In this issue of IJE, McNally et al.6 apply new, powerful statistical methods to eight years of data from a population of 30 000 births per year to investigate whether there is any evidence of space-time clustering of Down syndrome, Patau syndrome and Edwards syndrome. They find some evidence of space-time clustering for Down syndrome, but not for Patau or Edwards syndromes (possibly due to the latter two syndromes having far fewer cases and therefore less power to detect a clustering effect). They found that clustering of Down syndrome was associated with cases from more densely populated areas and was also present in women under 40 years of age. How do we reconcile this surprising result?

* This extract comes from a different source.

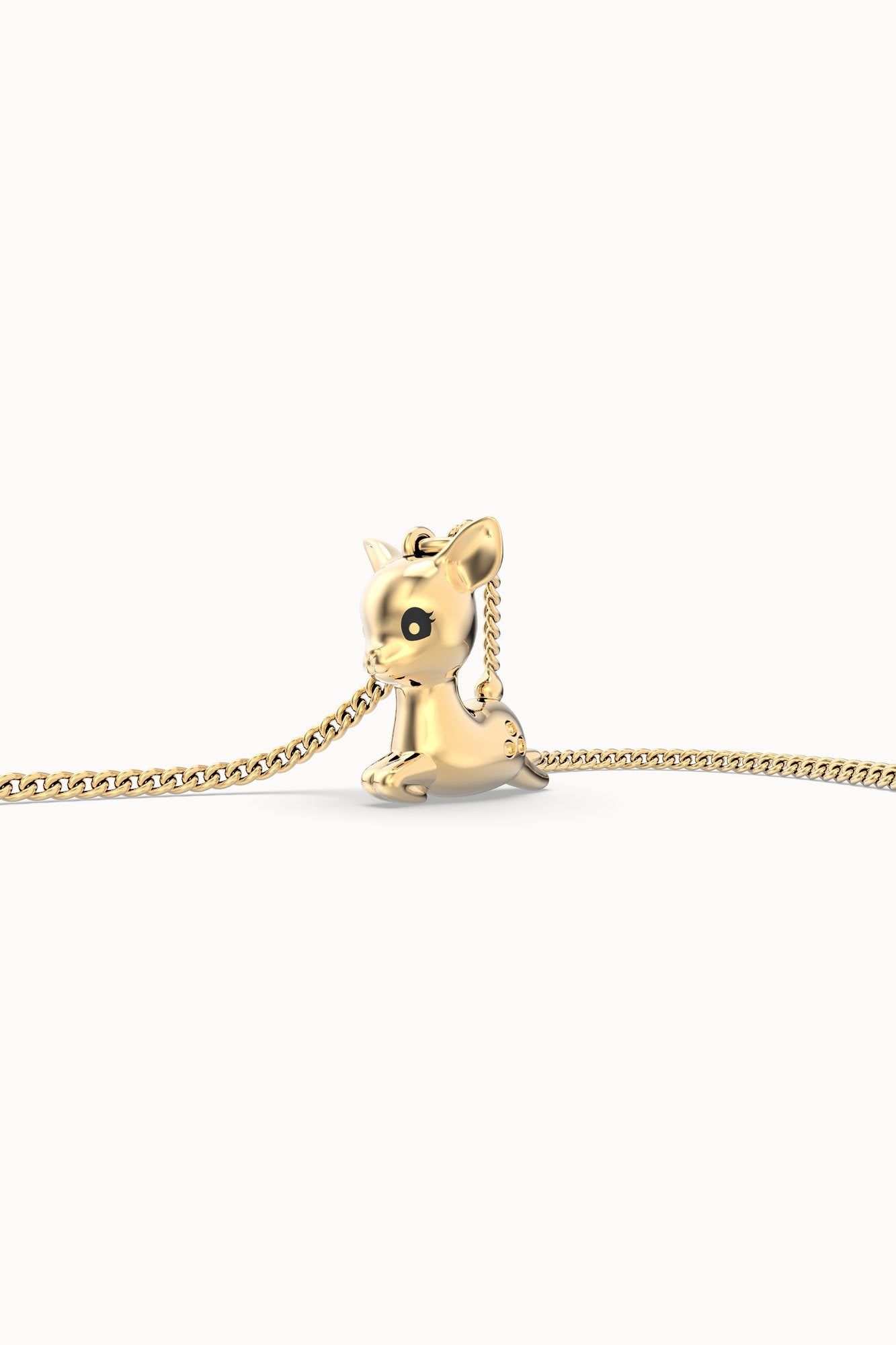 Chocli®, Belçikalı bir mücevher markasıdır. Tıpkı Belçika'nın birinci sınıf çikolataları gibi; 3D tasarımda sahip olduğu yılların deneyimini yüksek kaliteli malzemelerle birleştirerek kendinizi özdeşleştireceğiniz lezzetli ve güçlü bir koleksiyon yarattı.Koleksiyonun bu parçası tıpkı Bambi gibi tatlı ve masum !Chocli parçanız ve zinciri gerçek bir 18 ayar altın katmanla kaplanmıştır (kaplanmıştır). Bu katman kolayca solmaz ve alerjik reaksiyonlara neden olmaz, ancak takılarınızı özenle korumanız önerilir.Bakım tavsiyeleri: - Lekelenmesini ve solmasını önlemek için Chocli kolyenizi su, ter ve diğer sıvılardan uzak tutunuz.- Parfüm, saç spreyi ve sabun gibi kimyasallara maruz bırakmaktan kaçının.- Kuru ve serin bir yerde, tercihen bir mücevher kutusunda saklayın.- Yumuşak bir bez ve ılık su ile nazikçe temizleyin; ovmaktan veya sert kimyasalların kullanımından kaçının.- Chocli parçanızı spor, yüzme veya duş gibi aktiviteler sırasında takmaktan kaçının.

One explanation may be the magnitude of the effect. The effect of maternal age is so strong that the presence of environmental effects may not significantly alter the estimates of maternal age related risk. For example, the risk of a Down syndrome birth in the absence of prenatal diagnosis and subsequent termination increases over 40-fold between the ages of 20 and 45 (from 0.7/1000 births to 28/1000 births).1 If environmental effects are responsible for, increasing the background risk by say, an additional 0.07/1000 births (i.e. equivalent to an increase in risk of 10% amongst younger women), differences in rates of 0.07/1000 births between studies would not be detectable. However, the total number of Down syndrome births in a population would increase, because there are many more births to younger than older women. Therefore, although there does appear to be very striking agreement between the maternal age related risks in different studies, this does not mean that an environmental hazard may not be present. Unfortunately, space-time clustering analyses do not estimate the magnitude of the clustering effect.
An alternative explanation may arise from the methods of analysis. The space–time analysis works by examining how close together cases are in both space and time, compared with how close you would expect them to be if there was no clustering. No account is taken of the actual numbers of births that are occurring in each area, nor of the maternal age distribution. This is justified by the idea that even if there are areas where you would expect more Down syndrome births to occur, say due to more older mothers living there, you would still not expect these births to cluster in time. However, the establishment of new housing developments for example, may cause an underlying space-time cluster of births, which may then result in a space-time cluster of Down syndrome births. The authors state that there was little migration into or out of the region studied and few mothers changed residence between the time of booking and delivery. When the authors used the same methodology on a very similar data set (the same region for 1991–2003) to examine clustering of other congenital anomalies, they did not find a clustering effect despite the large number of cases.7 This may indicate that biases due to the distribution of births in the region did not occur in this study and the observed clustering is, in fact, real or due to some other unidentified source of bias.
McNally et al. have presented a very persuasive argument that transient environmental factors may play a role in the aetiology of Down syndrome. However, more work on estimating the magnitude of the effect is needed.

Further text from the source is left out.